小姑子把我的百万保时捷卖给二手车行,婆婆夸她有经济头脑,我直接以盗窃罪报警并冻结公公资产:去牢里慢慢展现你的头脑吧,她吓疯

小姑子把我的百万保时捷卖给二手车行,婆婆夸她有经济头脑,我直接以盗窃罪报警并冻结公公资产:去牢里慢慢展现你的头脑吧,她吓疯-有驾

第1章

结婚三年,我在周家活得不如一条狗。

管家赵婶把一盆洗脚水泼在我脚边,水花溅湿了我唯一的西装裤。那条裤子是结婚时我妈偷偷塞给我的,说男人出门在外总要体面。我弯腰擦了擦,没吭声。

“愣着干什么?大小姐的车该洗了。”

我抬头看了一眼停在院子里的保时捷卡宴,冰莓粉的车漆在阳光下闪得刺眼。那是我的车。我爸妈留给我的唯一一样东西。三年前我嫁进周家,周明远说家里车多,这车先给他妹妹周婷婷开着玩。我答应了。那时候我以为一家人不用分那么清。

周婷婷今年二十四岁,大学刚毕业,每天开着我的车出入各种高端会所。朋友圈里九宫格全是方向盘特写,配文永远都是“女孩子的快乐就是这么简单”。底下评论清一色喊她白富美,没人知道车是谁的。

我蹲在院子里接上水管,泡沫打了一遍又一遍。周婷婷从楼上下来,穿了一条香奈儿的连衣裙,踩着七厘米的高跟鞋,看都没看我一眼,直接把包扔进副驾驶。

“洗快点,我约了人。”

她坐进驾驶座发动引擎,排气管喷了我一脸尾气。我往后退了两步,继续把剩下的半扇车门擦完。

下午四点,婆婆周母从美容院回来,进门就喊饿。我从厨房端出煲了一下午的汤,她尝了一口,皱眉。“盐放多了。你连这点事都做不好,明远当初怎么就看上你了?”

我没说话。周明远已经三天没回家了,上次见面还是上周的家庭聚餐,他坐在长桌另一头,全程没正眼看过我。

周婷婷晚上回来得很晚,十一点多才听见院子里刹车的声音。她进门时嘴里哼着歌,手里拎着个爱马仕的橙色纸袋,袋子上还系着丝带。婆婆眼睛一亮,问她又买了什么好东西。
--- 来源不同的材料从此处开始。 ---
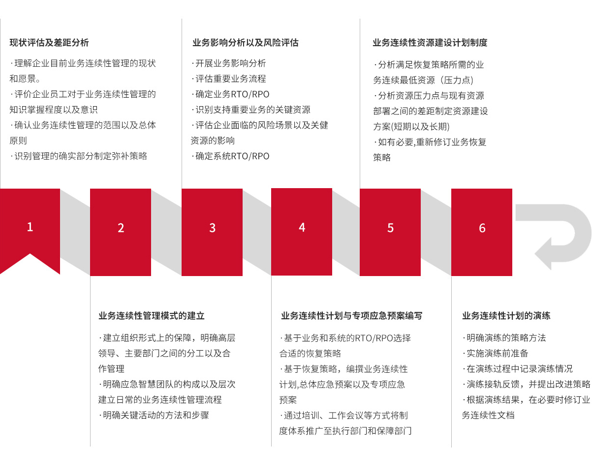 应急管理咨询主要依据ISO 22301业务连续性管理体系标准,帮助企业制定一套一体化的管理流程计划,使企业对潜在的风险加以辨别分析,帮助其确定风险造成的影响,并提供有效的管理机制来降低、规避或转移这些风险,减少重大灾难事件给企业带来的损失

“没买什么。”周婷婷随手把纸袋放在玄关柜上,换了拖鞋往里走,“今天认识了个新朋友,家里做二手车生意的,特别有本事。”

婆婆笑着点头:“你现在认识的人层次越来越高了,多跟这些人来往,对咱家生意有帮助。”

周婷婷路过客厅时看了我一眼,我正跪在地上擦她鞋底带进来的泥印子。她嘴角勾了一下,什么都没说就上楼了。

那天晚上我没睡好。院子里的车位上空了一块,我总觉得哪里不对,但又说不上来。翻来覆去到凌晨两点,我起身拉开窗帘往外看了一眼——车位空空荡荡,保时捷没回来。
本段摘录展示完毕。